Standard Measurements
| length | 130–140 mm (5–5.5 in) |
| weight | 10 g (0.35 oz) |
| wingspan | 210 mm (8.25 in) |
| wing | 63.2–66.2 mm (2.49–2.61 in) |
| tail | 59–65.9 mm (2.32–2.59 in) |
| culmen | 7.6–9.8 mm (0.30–0.39 in) |
| tarsus | 16–17.5 mm (0.63–0.69 in) |

==Vocal communications==
The call is a husky tsee-day-day, as well as a high pitched trill sound, dididididididi a variant on the call which gives chickadees their name. This call is composed of five distinct note-type categories consisting of A, B, C, D and D-hybrid with the beginning and end note both displaying a high frequency pitch. Boreal chickadees use specialized notes within their vocal range to communicate with each other and convey information. Certain notes/calls can be used as a mating tactic or to indicate a bird's rank to neighbouring fertile females in the area. Females have also been known to be more attracted to a male chickadee if he portrays complex and larger song repertoires. Calls can also be used in territory defence or to warn others of an invader that come to close to a nesting female. Cross species comparisons can be made by comparing the vocal similarities between other species of chickadees.
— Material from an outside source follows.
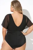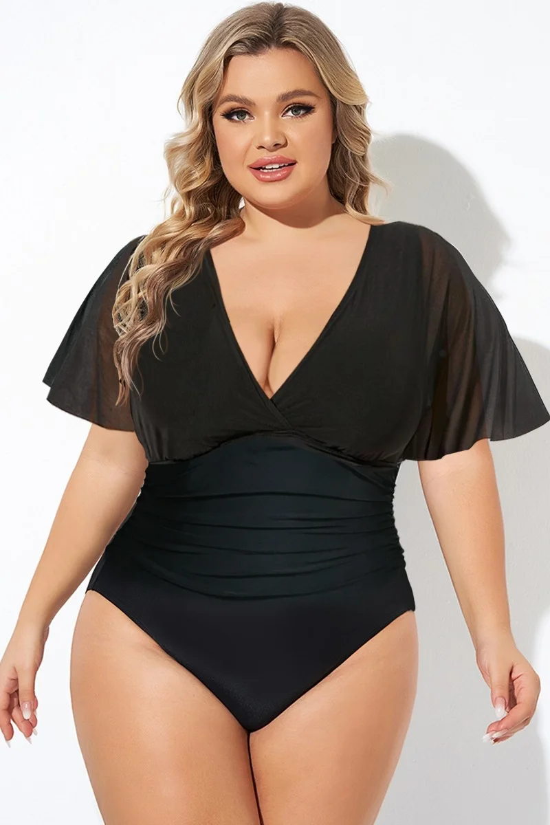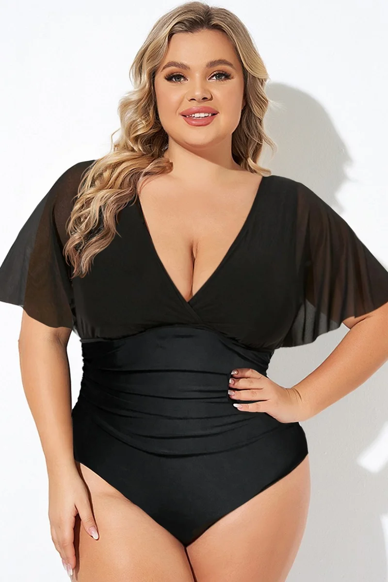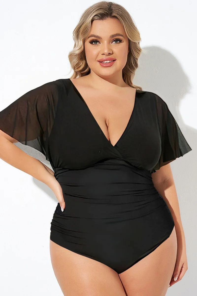 Black Wireless Mesh Flutter Sleeve One Piece Swimsuit - PremCurve
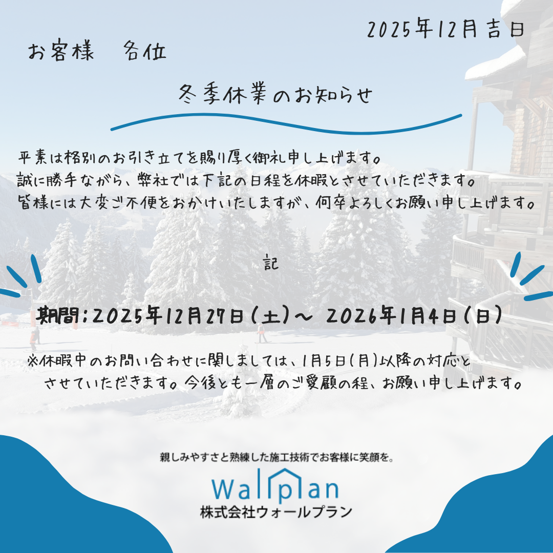 ※休暇中のお問い合わせに関しましては、1月5日(月)以降の対応とさせていただきます。

==Breeding/nesting behaviour==
Their breeding habitat is coniferous woods in Canada, Alaska, and the northernmost portions of the contiguous United States. They generally breed from early May to the end of August and remain within their breeding range throughout the year, but sometimes move south in winter. When a female chickadee finds a high quality male to mate with this provides direct and indirect benefits such as exceptional parental care and high quality genes. The pair remains together year round and may mate for life. Winter movements south of their range, however, appear to have become increasingly rare. Large bodies of water and mountain ranges may restrict dispersal of the boreal chickadee into places such as the Vancouver Islands and Haida Gwaii. They nest in a hole in a tree; the pair excavates the nest, using a natural cavity or sometimes an old woodpecker nest. This nest can be made of hair, fur or dead plants. Five to seven eggs are laid, white with fine reddish-brown spotting. Eggs are laid between May and July and hatch within 13–16 days. After the eggs have hatched it takes another 16–18 days for the birds to fully develop wings large enough to attempt flight.

==Foraging behaviour==
These birds forage on conifer branches or probe into the bark, gleaning insects and foraging for conifer seeds, which may be stored in preparation for winter months. Boreal chickadees are known to store large amounts of food in different trees, each location containing several food items. Food is usually stored in the mid-region of trees at a lower level than at which they foraged. They generally forage in black spruce, white spruce and tamarack trees which minimizes competition with black-capped chickadees who forage in more deciduous and mixed forests. Boreal chickadees often forage in small flocks including other small birds, especially in winter.

==Predators==
With the advantage of being a bird capable of flight, the boreal chickadee has few predators. These consist of larger birds such as small owls, hawks and shrikes. Predators of eggs and baby boreal chickadees generally consist of tree climbing animals such as squirrels, chipmunks, mice, bears and rats.

==Threats==
The largest threat that is placed on boreal chickadees is clearcutting and logging that occurs in the boreal forest regions. These practices are causing dramatic reductions in mature forests and rapidly modifying the habitat of boreal chickadees.

==Taxonomy==
The species was formerly placed in the genus Parus with most other tits, but mtDNA cytochrome b sequence data and morphology suggest that separating Poecile more adequately expresses these birds' relationships. Molecular phylogenetic studies have shown that the boreal chickadee is sister to the chestnut-backed chickadee (Poecile rufescens).